Task for the records below: repeat the line containing "रायपुर – महामहिम" and every line after it, exactly and with nothing else, but leave out the pictures.

Records from a data collection
________

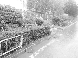 受损的不只是窨井盖,还有路边绿化带的护栏。庆丰路两侧,一些靠近胡同口、商店的绿化带被人破坏,变成人行通道,被破坏的护栏没有被人修复,一些护栏甚至被人扔在绿化带中。而未被拆掉的护栏也多是锈迹斑斑。另外,还有一些被撞歪的护栏没有被及时修复。
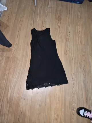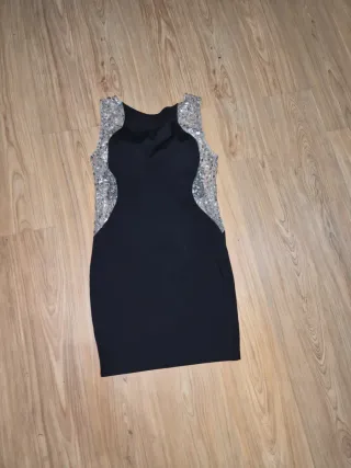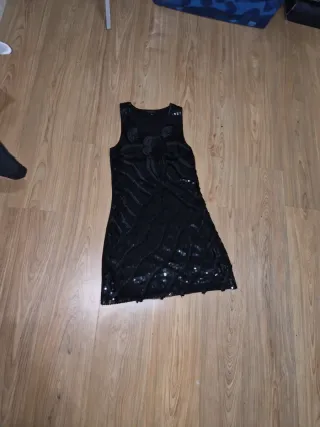 Elegante vestido negro con un intrincado diseño plateado que le da un toque brillante. Ideal para ocasiones especiales. - Diseño sin mangas. - Largo hasta la rodilla. - Tejido con detalles brillantes.
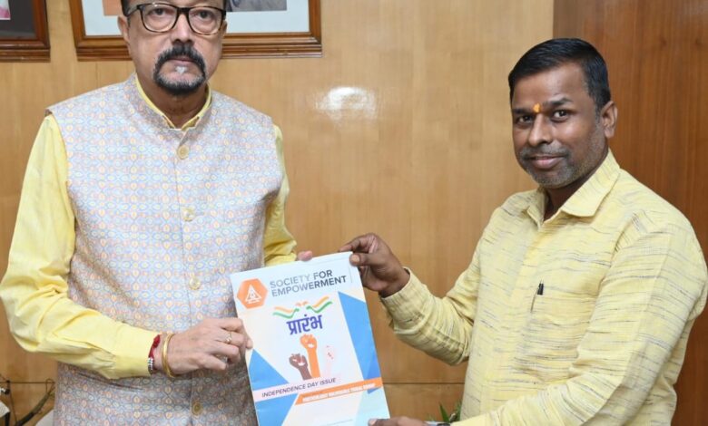 रायपुर – महामहिम राज्यपाल रमेन डेका को आज राजभवन में ‘‘सोसाइटी फॉर एम्पावरमेंट‘‘ द्वारा प्रकाशित मासिक पत्रिका ‘‘प्रारंभ‘‘ की प्रति भेंट की गई। विशेष पिछड़ी जनजातियों पर केंद्रित इस विशेषांक का संपादन मानवविज्ञानी एवं राज्यपाल के उप सचिव डॉ. रूपेन्द्र कवि द्वारा किया गया है।
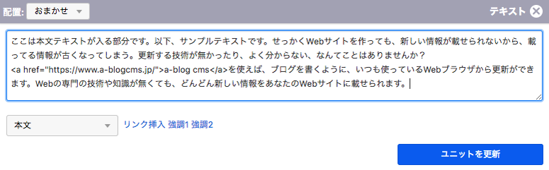 テキストユニットの標準に導入されるエディターが「Lite Editor」になりました。下のように以前は「リンク挿入」などをクリックすると直接HTMLが挿入されていましたが、新しいエディターでは実際にどのように表示されるか視覚的にわかりやすくなりました。
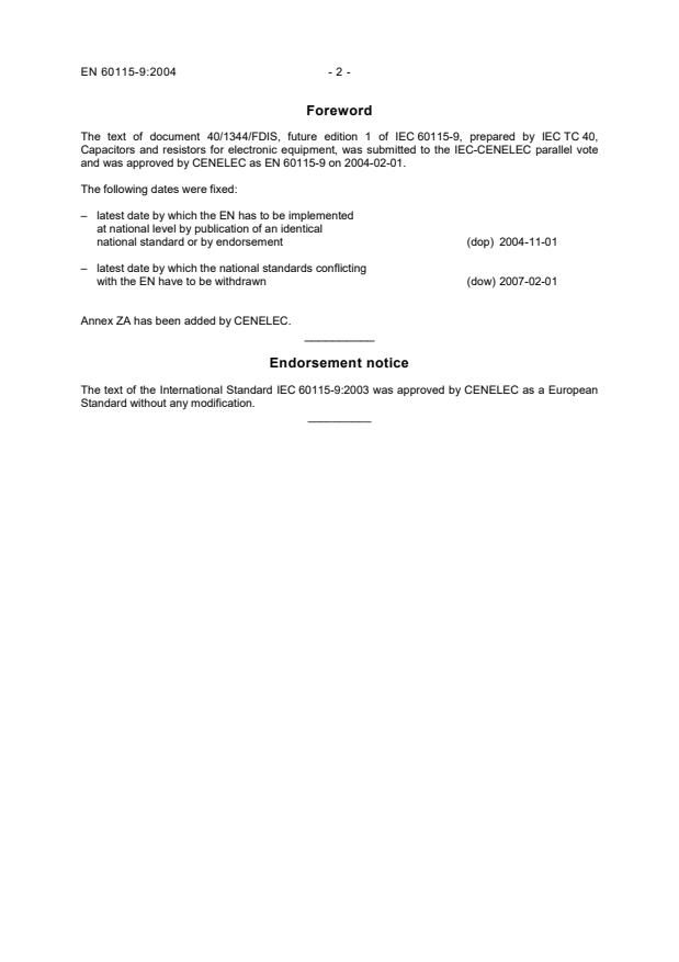 and was approved by CENELEC as EN 60115-9 on 2004-02-01.

________

_Your response_.
 रायपुर – महामहिम राज्यपाल रमेन डेका को आज राजभवन में ‘‘सोसाइटी फॉर एम्पावरमेंट‘‘ द्वारा प्रकाशित मासिक पत्रिका ‘‘प्रारंभ‘‘ की प्रति भेंट की गई। विशेष पिछड़ी जनजातियों पर केंद्रित इस विशेषांक का संपादन मानवविज्ञानी एवं राज्यपाल के उप सचिव डॉ. रूपेन्द्र कवि द्वारा किया गया है।
 テキストユニットの標準に導入されるエディターが「Lite Editor」になりました。下のように以前は「リンク挿入」などをクリックすると直接HTMLが挿入されていましたが、新しいエディターでは実際にどのように表示されるか視覚的にわかりやすくなりました。
 and was approved by CENELEC as EN 60115-9 on 2004-02-01.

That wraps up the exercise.